You guys, maybe, this is something a little bit more. It wasn't until I was about 19 I went to go see my dermatologist. And they noticed me limping. I was officially diagnosed at 21.

And I unfortunately have it from my jawline down to my toes. I think that was the one thing that I was really surprised about was learning about the arthritis and then having the arthritis feel like it go from 0 to 60 from like a few pains that they thought were sports injuries to me not being able to walk and bedridden for about two months. One of the big comorbidities for psoriatic arthritis is diabetes.

And I actually was pre-diabetic a few years ago. And so when I learned about being pre-diabetic, I completely changed my entire lifestyle. I'm mostly a pescaterian now and low-carb, because I found that that was the best way for me personally to help me keep the weight off and to help me keep active. When I was first in pain, I started-- I pushed myself to do things normally, the way I normally would, thinking it would go back to normal.

But I think for me, because my arthritis was so extreme and so painful that I caused myself a lot more injury than if I would have learned to do it a different way or ask for more help. I would have done something better for myself, because now I am living with the joint damage and the previous injuries. It does still cause me pain, even if there isn't any inflammation.

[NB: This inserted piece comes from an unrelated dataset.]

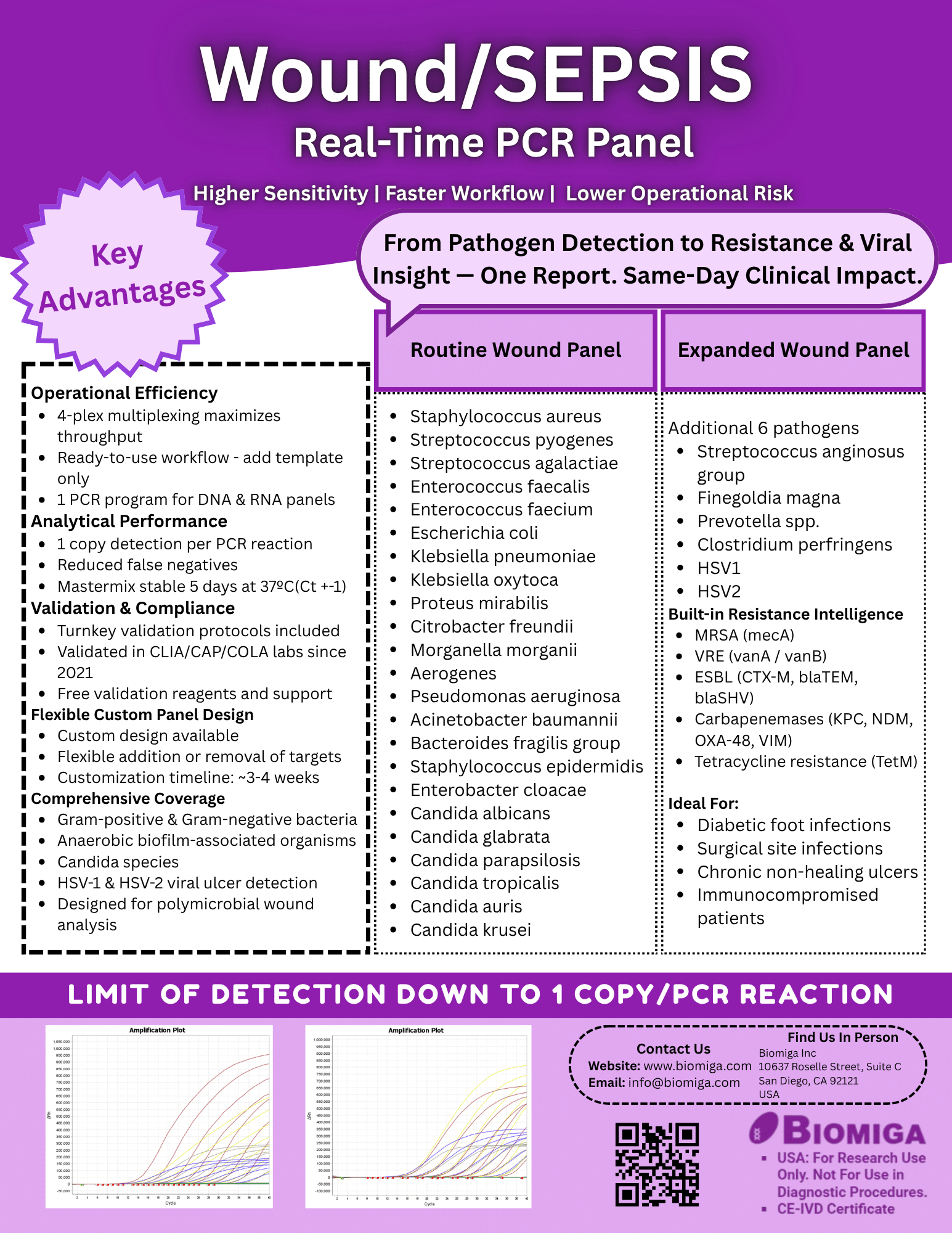 The Wound Panel Assay is a real-time PCR test intended for the qualitative detection of DNA from the wound swab. To collect the specimen, swab the wound by gently rotating a sterile calcium alginate or rayon swab between fingers. Swab the wound from margin to margin in a 10-point zigzag fashion. Use enough pressure to express fluid from within the wound tissue.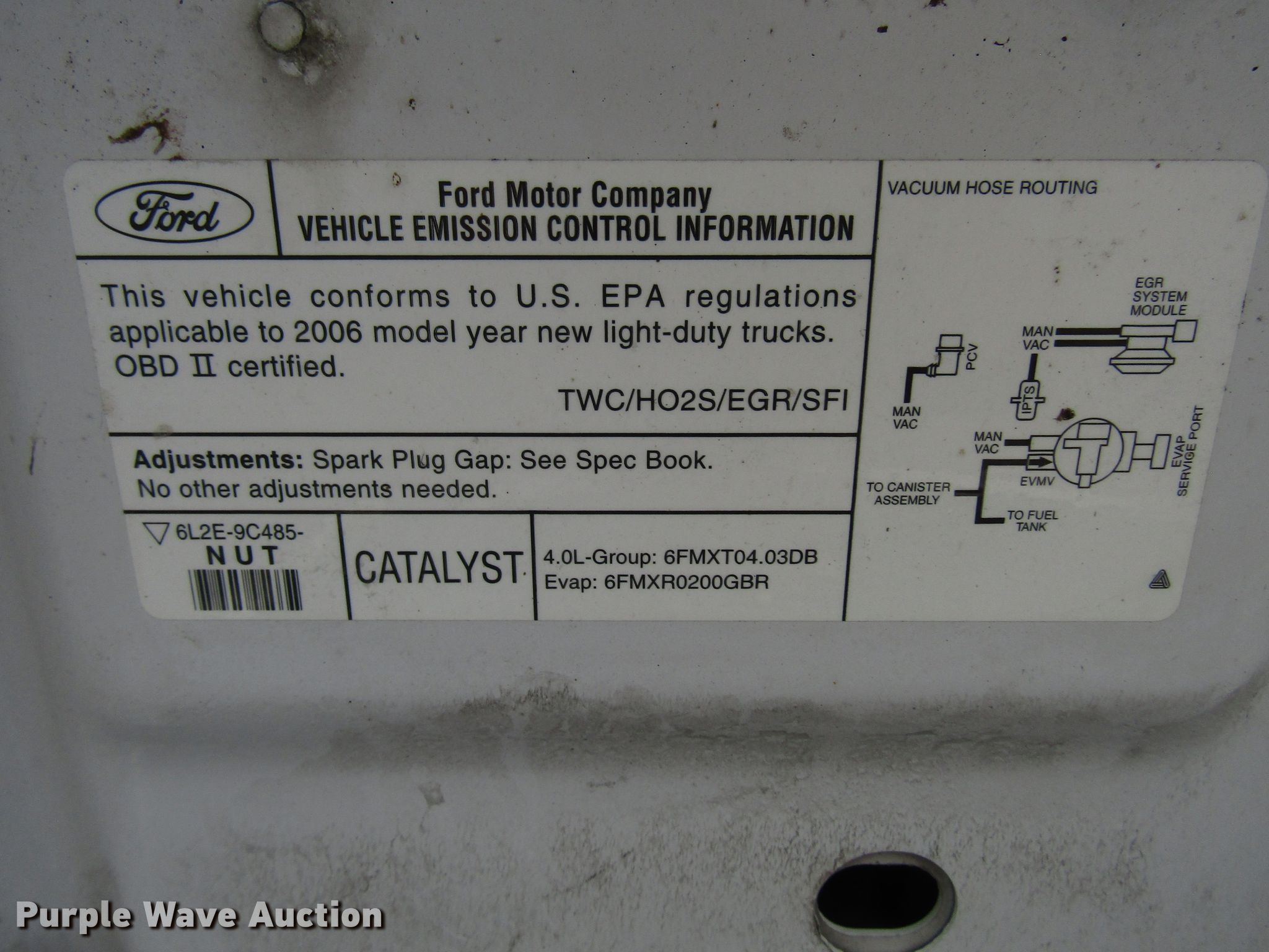 Purple Wave is selling a used Passenger Vehicle in Kansas. This item is a 2006 Ford Explorer SUV with the following: 76,405 miles on odometer, 4.0L V6 SOHC 16V gas engine, Automatic transmission, AC and heat, Cruise, Power windows and locks, 235/70R16 tires, Starter bolt hole broken on the bell housing, Unit# PWK3464

Through it all, I still keep a very positive, you know-- like it's OK. It was a bad day and a bad moment, but in general, I mean, it's a blessing. Also, it's brought me so much.

And it's really taught me how to push through things. You have to mourn the passing of that able body and figure out how to do it a different way. I kept wanting to go back to normal. I think that was my thing, was let me get back to normal, but there wasn't a normal yet. I had to make a new normal.